The United States has refused to support Greece's
efforts to recruit the international community to stem increasing military
tension with Turkey.
U.S. officials said the Bush administration has decided not to focus
international attention on the Greek-Turkish military confrontation in the
Aegean Sea. Greece has complained of increasingly aggressive behavior of
Turkish combat jets in the Aegean that has led to the highest level of
military tension since 1999.
The administration rejected an effort by Athens to involve NATO in the
dispute over Aegean air space. Athens has accused Turkey of repeatedly
violating Greek air space during Turkish air exercises.
"It is not a NATO issue," State Department deputy spokesman Philip
Reeker said. "It is a bilateral issue
between two NATO member countries."
Officials said the administration refused to exploit the frosty
relations between Ankara and Washington in wake of the U.S.-led war in Iraq.
The Defense Department is said to have suspended its dialogue with Ankara
because it refused to allow U.S. troops to enter Turkey to form a northern
front in the war against Iraqi President Saddam Hussein.
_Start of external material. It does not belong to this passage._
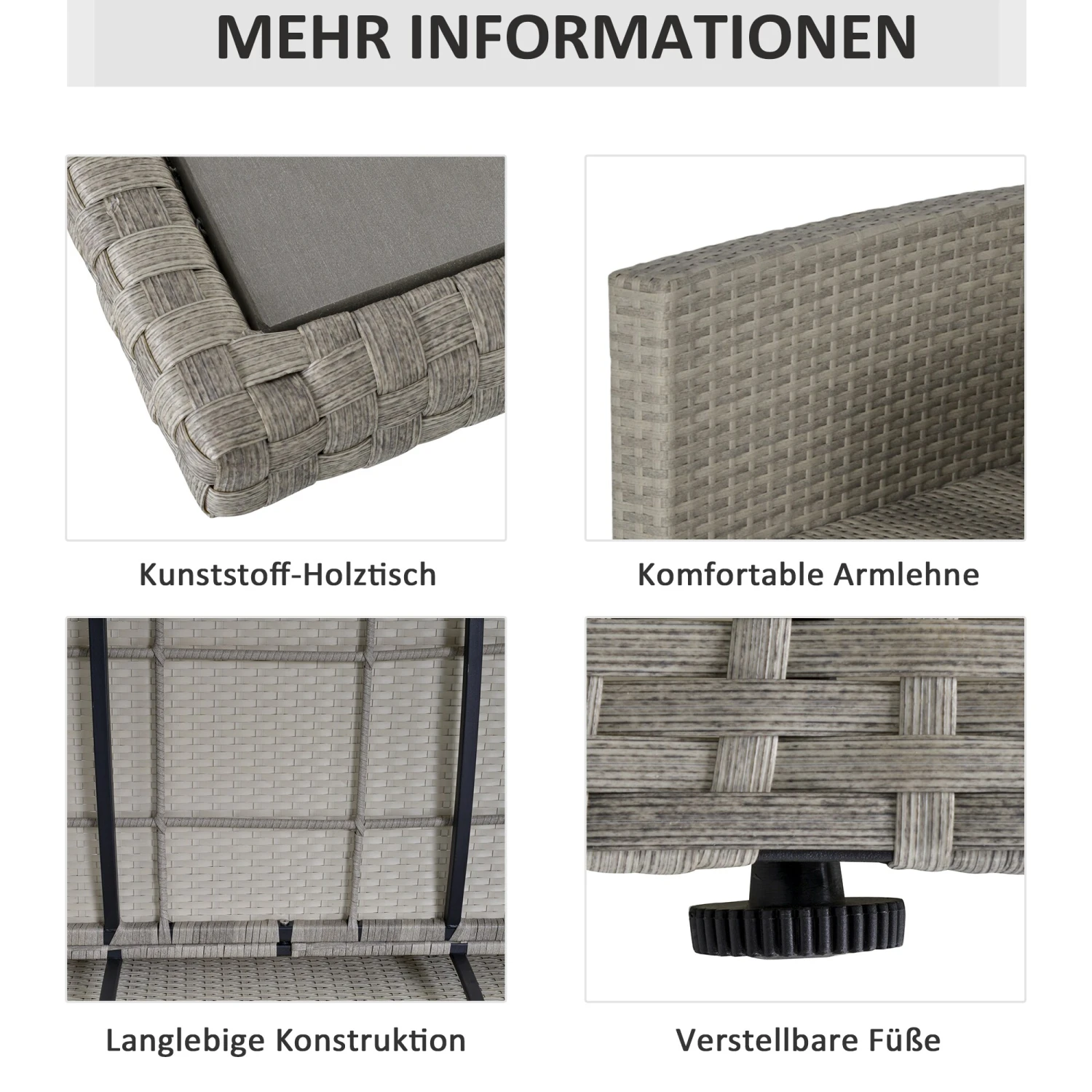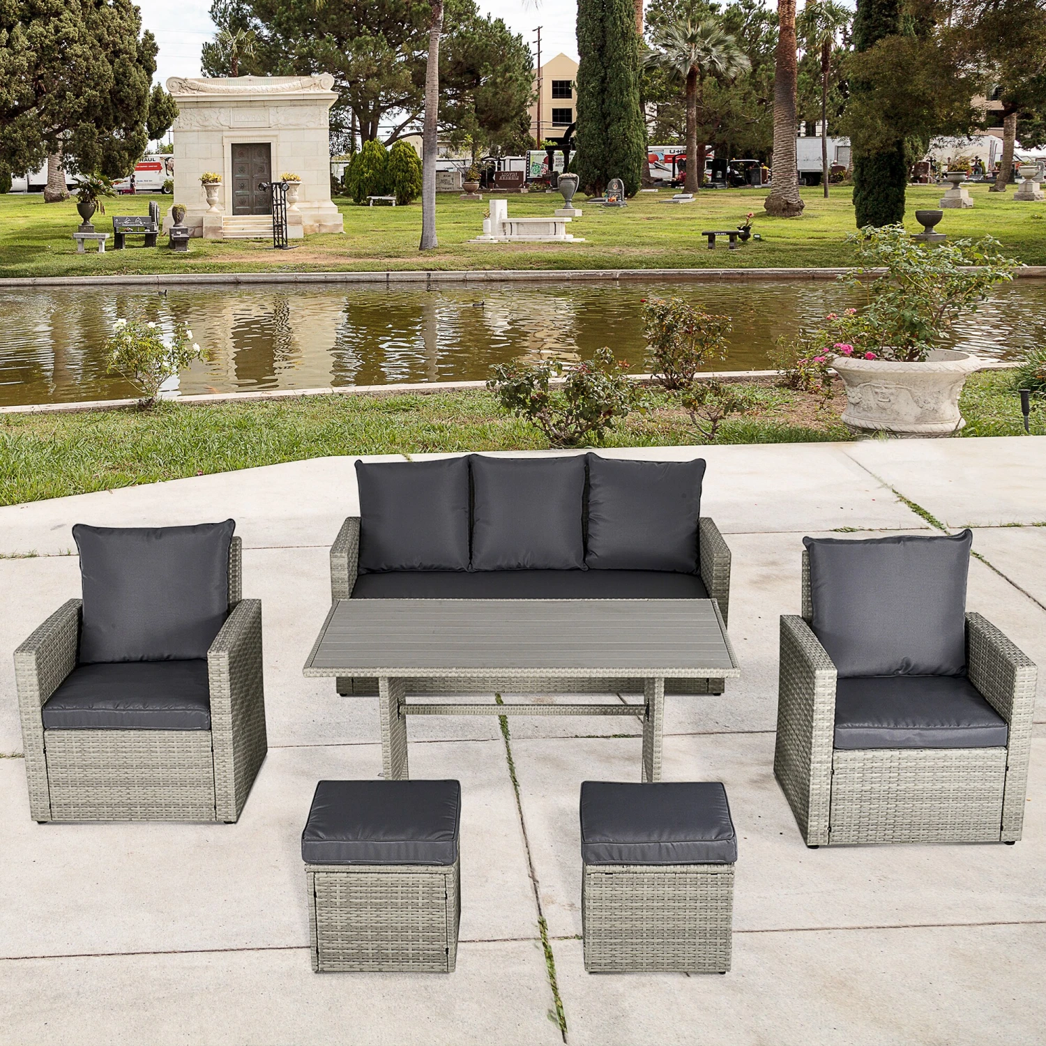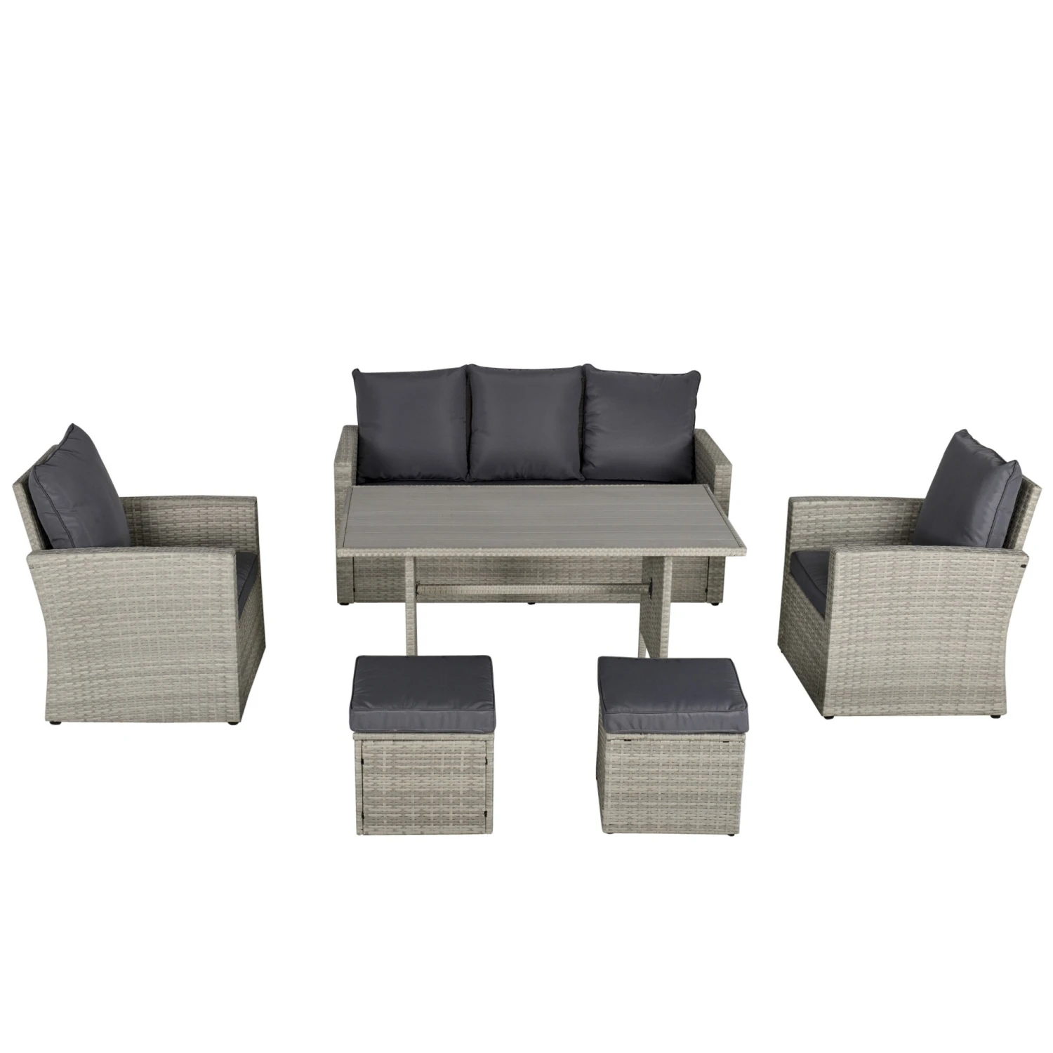 - Lieferumfang: 1 x Dreisitzer-Sofa, 2 x Einzelsofa, 1 x Esstisch, 2 x Fußhocker, 5 x Sitzkissen, 5 x Rückenkissen

At a briefing on Tuesday, Reeker made it clear that the United States
would not take sides in the Greek-Turkish air space dispute. Turkey has
never recognized Greece's claim of a 16 kilometer air space corridor from
its islands in the Aegean.
Instead, Reeker cited a denial by Turkey's military that its F-16
fighter-jets buzzed a Greek commercial jet. He said the issue must be
resolved by Ankara and Athens, whom he described as "good allies" of the
United States.
"We certainly are encouraged that Greece and Turkey have continued their
rapprochement talks and are undertaking confidence-building measures such as
the recent agreements to exchange senior military staff officers and
students and other cooperation," Reeker said. "So that's a process that I
think is important.
It's a bilateral issue between those two countries."